Корочка висела перед Саниным носом, и голограмма переливалась в тусклом свете кафе.
Саня не дышал. Пельмень, который он так и не донёс до рта, наконец сорвался с вилки и шлёпнулся обратно в тарелку, забрызгав уксусом скатерть.
Я отложил ложку. Аккуратно вытер губы салфеткой, промокнул уголки рта, сложил салфетку пополам и положил рядом с тарелкой.

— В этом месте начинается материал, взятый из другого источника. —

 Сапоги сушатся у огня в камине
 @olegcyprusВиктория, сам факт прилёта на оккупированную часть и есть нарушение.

Не торопился. Потому что спешить было некуда, а вот посмотреть — было на что.
— Удостоверение, — попросил я. — Поближе, если не затруднит.
Первый агент чуть повернул корочку в мою сторону. Небрежно, как показывают проездной контролёру в автобусе — мельком, чтобы блеснуло и убралось.
Не убралось.
Я перехватил его запястье. Мягко, двумя пальцами, не сжимая, но и не отпуская, и поднёс корочку к глазам. Близко, на расстояние, на котором любая подделка начинает нервничать.

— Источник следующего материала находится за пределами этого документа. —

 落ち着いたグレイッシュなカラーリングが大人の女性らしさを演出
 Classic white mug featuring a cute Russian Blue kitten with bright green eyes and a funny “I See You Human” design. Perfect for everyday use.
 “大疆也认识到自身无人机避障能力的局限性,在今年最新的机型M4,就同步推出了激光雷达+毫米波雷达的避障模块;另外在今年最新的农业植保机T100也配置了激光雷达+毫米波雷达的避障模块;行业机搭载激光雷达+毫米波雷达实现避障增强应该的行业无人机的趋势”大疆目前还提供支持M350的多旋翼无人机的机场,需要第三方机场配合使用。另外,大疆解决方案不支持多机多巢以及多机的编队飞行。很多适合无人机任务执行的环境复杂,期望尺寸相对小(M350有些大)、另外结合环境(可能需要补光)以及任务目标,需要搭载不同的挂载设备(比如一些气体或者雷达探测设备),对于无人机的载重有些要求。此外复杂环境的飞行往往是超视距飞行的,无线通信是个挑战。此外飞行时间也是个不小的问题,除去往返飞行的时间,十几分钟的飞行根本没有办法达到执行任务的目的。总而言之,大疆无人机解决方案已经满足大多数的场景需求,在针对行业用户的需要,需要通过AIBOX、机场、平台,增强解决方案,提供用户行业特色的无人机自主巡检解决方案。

В прошлой жизни через мой кабинет на тридцать втором этаже прошли сотни проверок. Инспекции Синдикатов, аудиты Лиги, контрольные рейды Ведомства — я повидал столько настоящих корочек, что мог бы отличить подделку на ощупь, в темноте, с завязанными глазами. И, пожалуй, даже во сне.
Мир аномальных зверей — это большой спорт и большие деньги.
На самом верху сидят Синдикаты — гигантские корпорации, которые производят всё, от кормов до боевой брони, и финансируют тех, кто внизу.
Внизу — Гильдии, что-то вроде спортивных клубов: покупают бойцов, выставляют зверей на Арену, зарабатывают на турнирах.
Турниры проходят по Лигам, от самого дна до космоса: Бронзовая, Серебряная, Золотая, потом Национальная, а на вершине — Абсолютная, мировой чемпионат, куда попадают единицы. Мелкие Гильдии бьются в Бронзе, крупные — штурмуют Национальную и выше.
Так вот, фокус в том, что для обычного человека Синдикат — это большая страшная контора, с которой лучше не связываться. Никто не разбирается, крупный он или мелкий, бронзовый или национальный — сверкнули корочкой, рявкнули уверенным голосом, и большинство людей тут же прижимает уши и начинает сотрудничать.
На это и был расчёт: два амбала в плащах, казённый тон, голограмма — девяносто процентов горожан купились бы не глядя.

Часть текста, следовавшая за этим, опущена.